» **EXERCISE DIRECTIONS**
Repeat every entry exactly. Do not include the pictures.

>>>>>

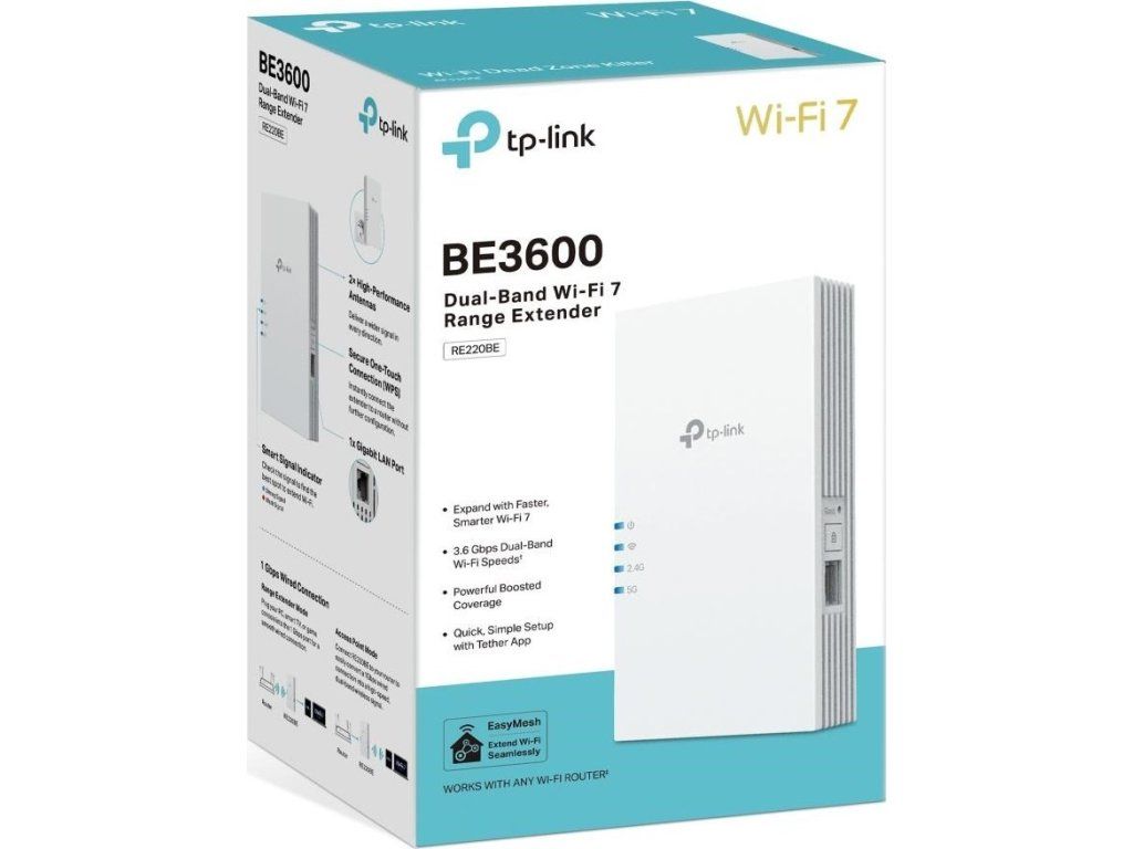 TP-Link RE220BE EasyMesh WiFi7 Extender/Repeater (BE3600,2,4GHz/5GHz,1xGbE)
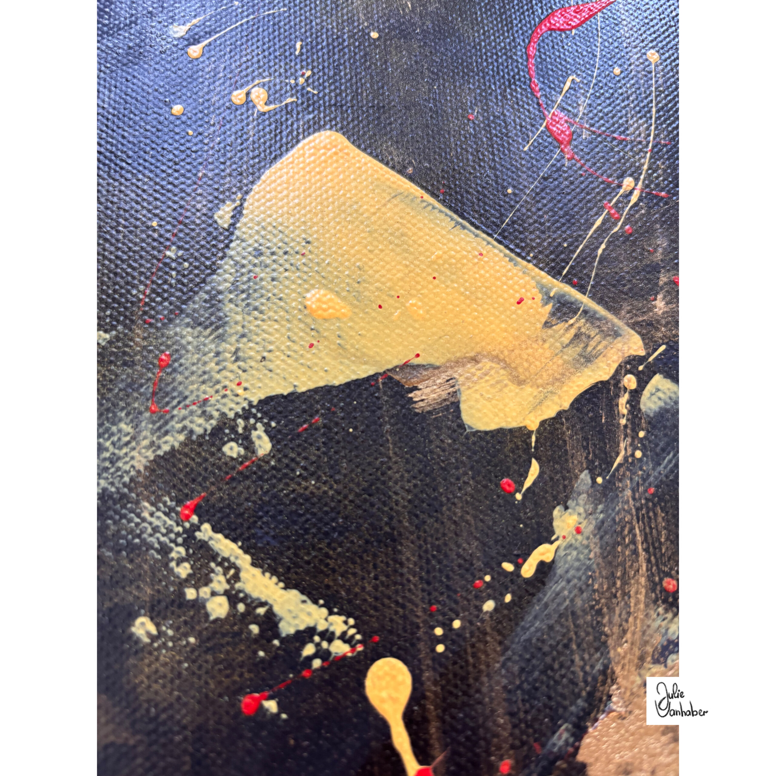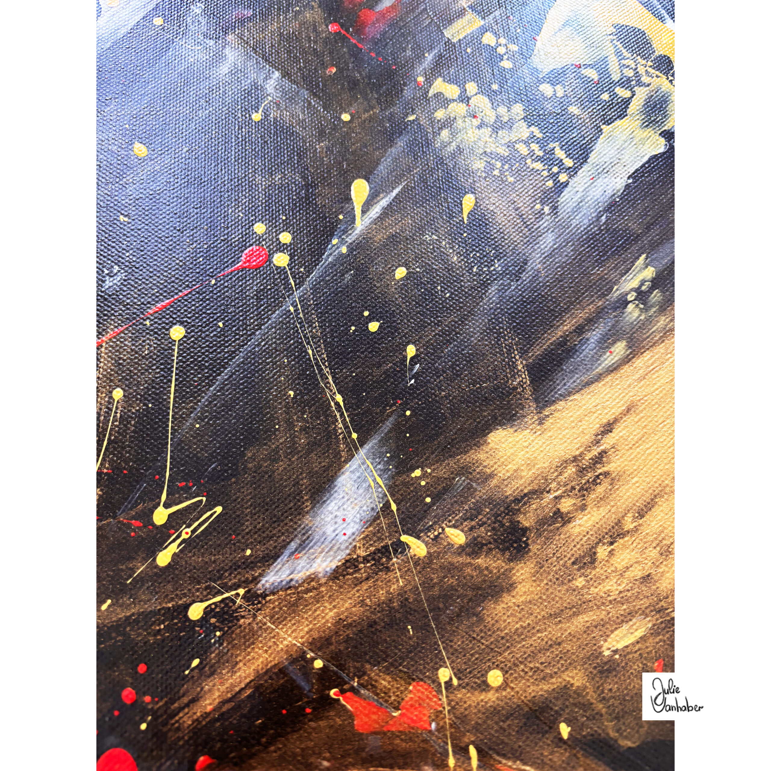 Abstraktní obraz, který zobrazuje sílu vyhaslé sopky. Zlaté a rudé odstíny symbolizují dávnou energii, zatímco temné pozadí evokuje hlubokou paměť země. Tento obraz vás zve k vnitřnímu ztišení a propojení s přírodní silou.
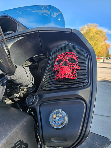 Introducing our revolutionary 3D speaker covers that seamlessly accommodate speakers of all sizes. Each cover is meticulously crafted to order, tailored exclusively for you, with a production timeline of approximately three weeks. Personalize your experience with a spectrum of color combinations, and we cater to any bike's year or make. Order verification ensures precision before production.
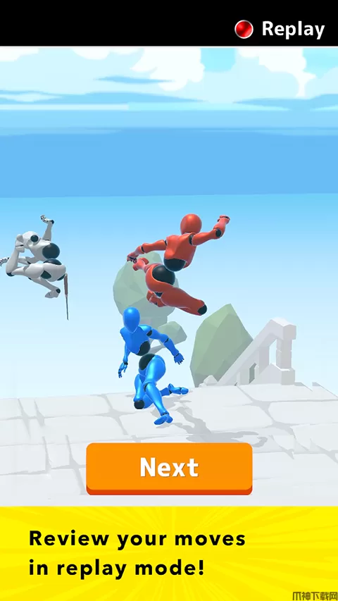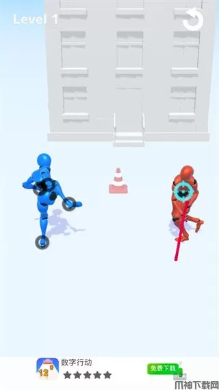 1、操控红蓝小人进行比赛,你需要灵活地躲避敌人的攻击。
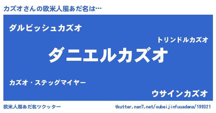 | 男性向けラノベタイトル風あだ名 | 『おまえをオタクにしてやるから、俺をカズオにしてくれ! 』 |
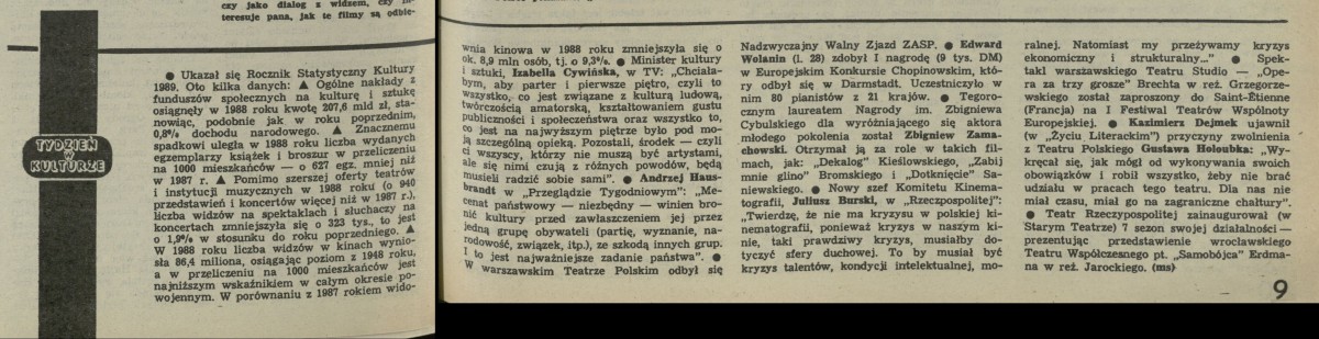 Archiwum / Tydzień w kulturze nr 2315 (43/1989) 40/41 Podziel się Tytuł Tydzień w kulturze Autor ms Rubryka Tydzień w kulturze Artykuł z numeru 2315 (43/1989) Data wydania 5 listopada 1989 Tagi Rocznik Statystyczny Kultury Izabella Cywińska Andrzej Hausbrandt
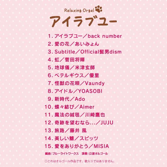 NHK朝ドラの主題歌にもなったback number「アイラブユー」、あいみょん「愛の花」をはじめ、話題のジブリ映画『君たちはどう生きるか』より主題歌「地球儀」、その他、YOASOBI「アイドル」、MISIA「愛をありがとう」など、幅広い世代にお馴染みのメロディーを全15曲、α波のゆらぎ信号を合わせたリラックス効果抜群のオルゴールサウンドでお届けします。
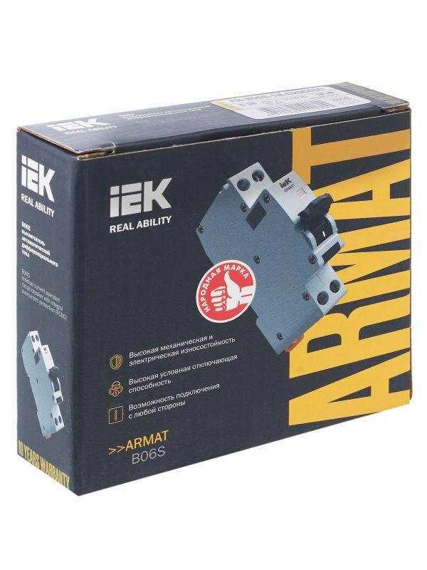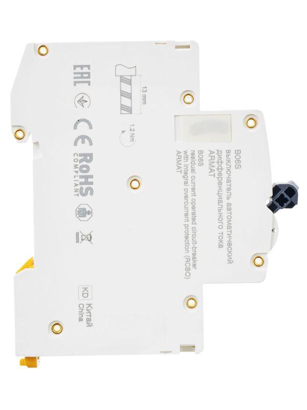 Автоматические выключатели дифференциального тока (АВДТ) ARMAT серии B06S могут осуществляют функции защиты от токов перегрузки и короткого замыкания и защиты человека от токов замыкания на землю. Модельный ряд включает в себя устройства с номинальными токами от 6 до 32 А, характеристиками срабатывания по сверхтоку B и C, типами защит AC и A с номинальным дифференциальным током отключения 30 мА. Номинальная отключающая способность АВДТ ARMAT серии B06S составляет 6 кА.
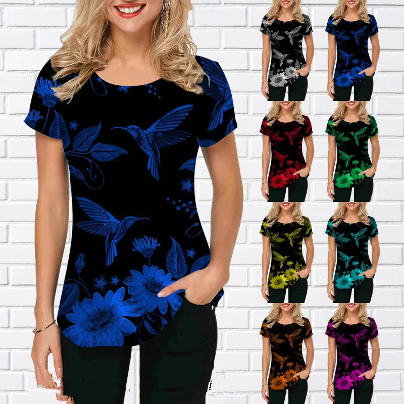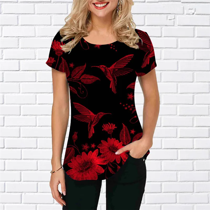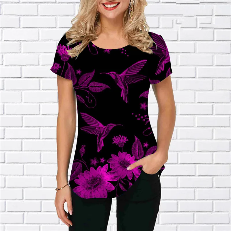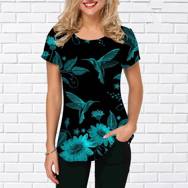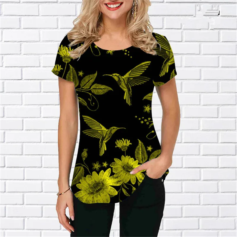 Women birdie Print Shirts Summer Short Sleeve Street 3D Style Ladies Blouses Loose Casual Round-Neck Oversized Pullovers Tops
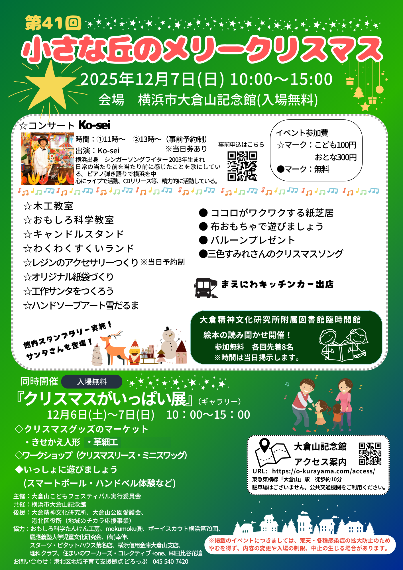 12月7日(日)に「小さな丘のメリークリスマス」を開催します。
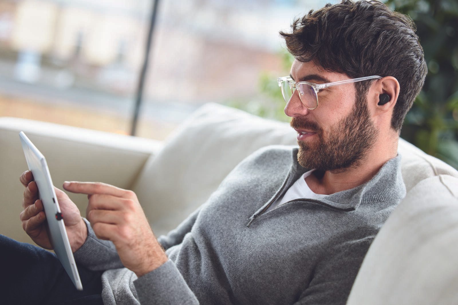 Professionelle Anrufe unterwegs: Kompakte In-Ear-Bluetooth-Kopfhörer entwickelt für hybrides Arbeiten.
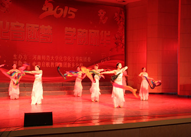 在全体观众的倒计时声中,青春动感的开场舞拉开了晚会的序幕。随后,院长张贵生致新年贺词,张院长回顾2014,展望2015,并向全体师生致以诚挚的新年问候和祝福。本场晚会由学院教职工、研究生、本科生齐展风采,一同呈现。晚会中,热情洋溢的歌曲演唱《青藏高原》、《时间煮雨》等,不断推动现场气氛;轻松活泼的相声表演《同桌的你》,贴合校园生活,引导大家树立正确的爱情观;六种乐器联奏《梁祝》、《金蛇狂舞》,中西方乐器交融碰撞,让大家耳目一新;扇子舞表演《踏古》,彩扇飘飘,美轮美奂。值得一提的是,孔国庆书记和赵扬院长带来的诗歌朗诵《放飞中国梦》,激情昂扬,鼓励大家努力奋斗,实现梦想。晚会表演形式多样、各具心意,并别出心裁引入化学和社会主义核心价值观等元素,把握时代潮流,展现学院风采。最后,晚会在院团委学生会全体成员的歌曲联唱中落下帷幕。
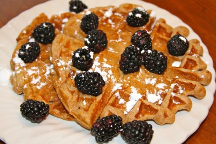 Spiced Sour Cream Waffles are just lovely for a Sunday morning brunch…  which is a MUST DO around our house!  Nothing like a lazy Sunday morning with a nice late Brunch to refuel the family for the up coming week!!   These waffles are made with 1/2 whole wheat flour and 1/2 white flour, low fat sour cream, and just a titch of butter.  The combination is wonderful… with just the right amount of spice 🙂  Give these  Spiced Sour Cream Waffles a try today!
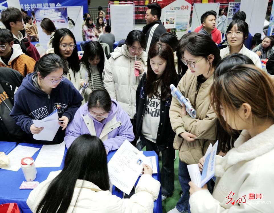 2024年3月23日,位于江西省赣州蓉江新区的赣南医科大学黄金校区,毕业生前来应聘岗位。(朱海鹏摄/光明图片)
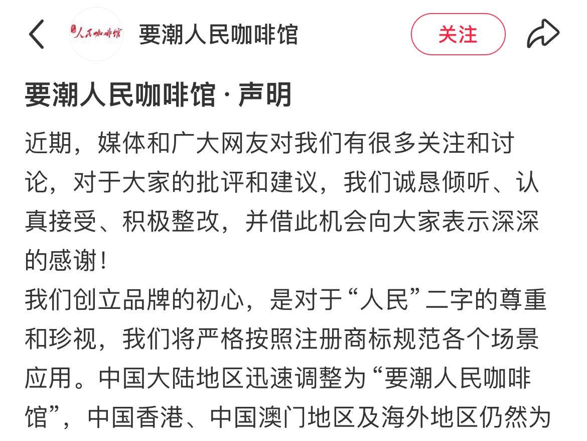 在舆论压力下,11月8日,该咖啡馆发布致歉声明,表示对大家的批评和建议“诚恳倾听、认真接受、积极整改”,宣布全面启动整改工作。中国大陆地区所有门店门头将加上“要潮”,规范使用“要潮人民咖啡馆”名称。
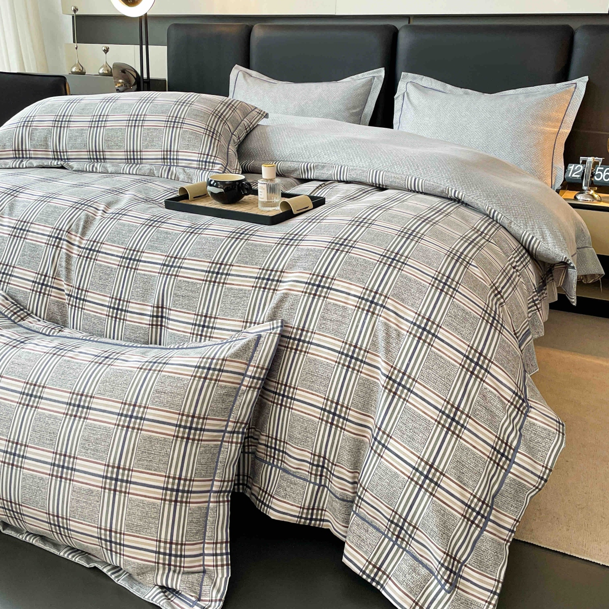 Lenjeria dispune de 6 piese si este conceputa pentru a fi utilizata pe paturile matrimoniale. Cearceaful cu elastic, model uni, este special conceput pentru a va oferi intreg confortul necesar in timpul somnului, sistemul inteligent de prindere fiind ideal pentru toate tipurile de saltele(maxim 30cm inaltime).

<<<<<

» **ANSWER SECTION**
 TP-Link RE220BE EasyMesh WiFi7 Extender/Repeater (BE3600,2,4GHz/5GHz,1xGbE)
 Abstraktní obraz, který zobrazuje sílu vyhaslé sopky. Zlaté a rudé odstíny symbolizují dávnou energii, zatímco temné pozadí evokuje hlubokou paměť země. Tento obraz vás zve k vnitřnímu ztišení a propojení s přírodní silou.
 Introducing our revolutionary 3D speaker covers that seamlessly accommodate speakers of all sizes. Each cover is meticulously crafted to order, tailored exclusively for you, with a production timeline of approximately three weeks. Personalize your experience with a spectrum of color combinations, and we cater to any bike's year or make. Order verification ensures precision before production.
 1、操控红蓝小人进行比赛,你需要灵活地躲避敌人的攻击。
 | 男性向けラノベタイトル風あだ名 | 『おまえをオタクにしてやるから、俺をカズオにしてくれ! 』 |
 Archiwum / Tydzień w kulturze nr 2315 (43/1989) 40/41 Podziel się Tytuł Tydzień w kulturze Autor ms Rubryka Tydzień w kulturze Artykuł z numeru 2315 (43/1989) Data wydania 5 listopada 1989 Tagi Rocznik Statystyczny Kultury Izabella Cywińska Andrzej Hausbrandt
 NHK朝ドラの主題歌にもなったback number「アイラブユー」、あいみょん「愛の花」をはじめ、話題のジブリ映画『君たちはどう生きるか』より主題歌「地球儀」、その他、YOASOBI「アイドル」、MISIA「愛をありがとう」など、幅広い世代にお馴染みのメロディーを全15曲、α波のゆらぎ信号を合わせたリラックス効果抜群のオルゴールサウンドでお届けします。
 Автоматические выключатели дифференциального тока (АВДТ) ARMAT серии B06S могут осуществляют функции защиты от токов перегрузки и короткого замыкания и защиты человека от токов замыкания на землю. Модельный ряд включает в себя устройства с номинальными токами от 6 до 32 А, характеристиками срабатывания по сверхтоку B и C, типами защит AC и A с номинальным дифференциальным током отключения 30 мА. Номинальная отключающая способность АВДТ ARMAT серии B06S составляет 6 кА.
 Women birdie Print Shirts Summer Short Sleeve Street 3D Style Ladies Blouses Loose Casual Round-Neck Oversized Pullovers Tops
 12月7日(日)に「小さな丘のメリークリスマス」を開催します。
 Professionelle Anrufe unterwegs: Kompakte In-Ear-Bluetooth-Kopfhörer entwickelt für hybrides Arbeiten.
 在全体观众的倒计时声中,青春动感的开场舞拉开了晚会的序幕。随后,院长张贵生致新年贺词,张院长回顾2014,展望2015,并向全体师生致以诚挚的新年问候和祝福。本场晚会由学院教职工、研究生、本科生齐展风采,一同呈现。晚会中,热情洋溢的歌曲演唱《青藏高原》、《时间煮雨》等,不断推动现场气氛;轻松活泼的相声表演《同桌的你》,贴合校园生活,引导大家树立正确的爱情观;六种乐器联奏《梁祝》、《金蛇狂舞》,中西方乐器交融碰撞,让大家耳目一新;扇子舞表演《踏古》,彩扇飘飘,美轮美奂。值得一提的是,孔国庆书记和赵扬院长带来的诗歌朗诵《放飞中国梦》,激情昂扬,鼓励大家努力奋斗,实现梦想。晚会表演形式多样、各具心意,并别出心裁引入化学和社会主义核心价值观等元素,把握时代潮流,展现学院风采。最后,晚会在院团委学生会全体成员的歌曲联唱中落下帷幕。
 Spiced Sour Cream Waffles are just lovely for a Sunday morning brunch…  which is a MUST DO around our house!  Nothing like a lazy Sunday morning with a nice late Brunch to refuel the family for the up coming week!!   These waffles are made with 1/2 whole wheat flour and 1/2 white flour, low fat sour cream, and just a titch of butter.  The combination is wonderful… with just the right amount of spice 🙂  Give these  Spiced Sour Cream Waffles a try today!
 2024年3月23日,位于江西省赣州蓉江新区的赣南医科大学黄金校区,毕业生前来应聘岗位。(朱海鹏摄/光明图片)
 在舆论压力下,11月8日,该咖啡馆发布致歉声明,表示对大家的批评和建议“诚恳倾听、认真接受、积极整改”,宣布全面启动整改工作。中国大陆地区所有门店门头将加上“要潮”,规范使用“要潮人民咖啡馆”名称。
 Lenjeria dispune de 6 piese si este conceputa pentru a fi utilizata pe paturile matrimoniale. Cearceaful cu elastic, model uni, este special conceput pentru a va oferi intreg confortul necesar in timpul somnului, sistemul inteligent de prindere fiind ideal pentru toate tipurile de saltele(maxim 30cm inaltime).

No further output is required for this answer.